Emerson then told her the most recent rumors -- about an island rescue during a midnight storm, and aboriginal tool users.
This time Dennie stopped in midstroke. "Abos? You're sure? Native pre-sentien
ts?" She tread water, staring at the black engineer.
They now were only ten meters from a great open hatch at the bow end of the central bay. Through it came a cacophony of high squeakings and chitterings.
Emerson shrugged. The action shook a coating of bubbles from his shoulders and the rim-plates of his facemask. "Dennie, why don't we go in and find out? So far all we have is gossip. They must be through decontamination by now"
From ahead there came a sudden, high-pitched whine of engines; then three white power sleds sped from the outlock hatch, single-file. They veered, one by one, around Dennie and D'Anite before either of them could move, leaving fizzing trails of supercritical bubbles in their wakes.
Strapped to the back of each, under a plastic shell, was an injured dolphin. Two of them had dreadful gashes in their flanks, crudely bandaged. Dennie blinked in surprise when she saw that one of them was Hikahi, Streakers third officer.
The ambulance sleds banked under the central spine and headed for an opening in the inner wall of the great cylinder. On the last sled, clutching a handrail, the dusky blonde who had accompanied them here allowed herself to be dragged along. With her free hand she pressed a diagnostic monitor to the flank of one of the wounded dolphins.
"No wonder Gillian was in such a hurry. It was stupid of me to slow her down."
"Oh, don't worry about it." Emerson held her arm. "The injuries didn't look like the kind you'd need a human surgeon for.
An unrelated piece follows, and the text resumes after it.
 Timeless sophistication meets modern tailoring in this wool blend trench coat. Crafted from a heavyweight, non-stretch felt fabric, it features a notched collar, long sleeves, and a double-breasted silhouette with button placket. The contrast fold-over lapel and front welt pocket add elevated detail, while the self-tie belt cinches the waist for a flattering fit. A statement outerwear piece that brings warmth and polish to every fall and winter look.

Makanee and the autodocs can handle almost anything, you know"
"Still, there may be biochemical damage ... poisons ... I might be of use."
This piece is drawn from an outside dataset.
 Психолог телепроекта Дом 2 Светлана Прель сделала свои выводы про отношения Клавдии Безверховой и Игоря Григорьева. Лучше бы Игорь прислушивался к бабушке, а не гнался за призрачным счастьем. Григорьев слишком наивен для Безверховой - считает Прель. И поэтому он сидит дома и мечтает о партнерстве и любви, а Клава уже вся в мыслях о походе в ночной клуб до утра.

She turned to go, but the engineer's hand held her.
"You'll be called if it's anything Makanee or feMister Baskin can't handle. And I don't think you'll want to miss out on news that bears on your specialty."
Dennie looked after the ambulances, then nodded. Emerson was right. If she was needed, an intercom call would reach her anywhere, and a sled would arrive to fetch her faster than she could swim. They swam toward the buzzing of excited cetaceans in the outlock bay, and entered the forward chamber amid a swirl of swooping gray forms and a ferment of flying bubbles.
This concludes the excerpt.